Essas câmaras representavam o povo local e atuavam em consonância com a autoridade régia, gerando um modelo de pacto federativo orgânico, muito distinto do centralismo ilustrado das potências posteriores. O Rei era visto como pai da pátria, guardião da justiça e promotor da unidade moral do império. A monarquia portuguesa, especialmente após a revolução de Avis e o milagre de Ourique, consolidou-se como um projeto espiritual: um povo eleito, conduzido por um Rei eleito, a serviço de Cristo.
3. Tributação Territorialista: um império de pactos
A estrutura fiscal portuguesa nos territórios ultramarinos era, majoritariamente, territorialista. Os tributos variavam segundo a natureza econômica da terra e eram resultado de concessões régias, contratos, forais e compromissos locais. Como explica Diogo Ramada Curto:
"A arrecadação de impostos no império português estava longe de obedecer a um modelo centralizado; antes, configurava-se como um conjunto de arranjos locais mediados por agentes régios e pelas câmaras municipais"².
Isso significa que a justiça tributária era adaptada à realidade local, favorecendo a prosperidade da terra e permitindo que a liberdade do povo se aperfeiçoasse na ordem cristã.
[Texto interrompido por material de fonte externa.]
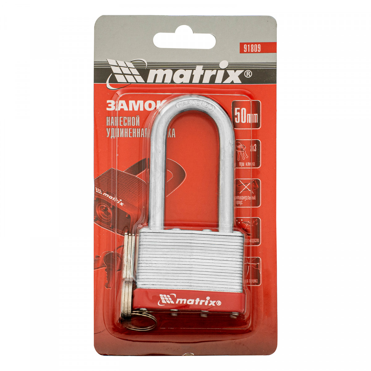 Замок навесной, 50 мм, удлиненная дужка Matrix

Não havia espaço para a espoliação ou o nivelamento: cada qual contribuía conforme podia, como os membros de um corpo que servem à cabeça.
4. O Imposto de Renda como possibilidade histórica
Embora o imposto de renda não existisse como figura tributária no período colonial português, nada impede, em termos de estrutura política e teológica, que esse tipo de tributo fosse implementado dentro da lógica monárquica e territorialista. Ao contrário dos modelos modernos, em que o imposto de renda é instrumento de engenharia social e redistributiva centralizada, no império português tal tributo seria expressão de gratidão e responsabilidade pessoal perante o soberano, nos méritos de Cristo, e com vistas ao bem comum local.
A relação entre o vassalo e o Rei não era puramente jurídica, mas sacramental e cristológica: o Rei, imagem de Cristo, recebia a oblação voluntária do povo como expressão de ordem, fidelidade e justiça. O imposto de renda, nesse espírito, poderia existir como uma prestação de contas espiritualizada, prestada àquele que exerce o poder para proteger, não para espoliar.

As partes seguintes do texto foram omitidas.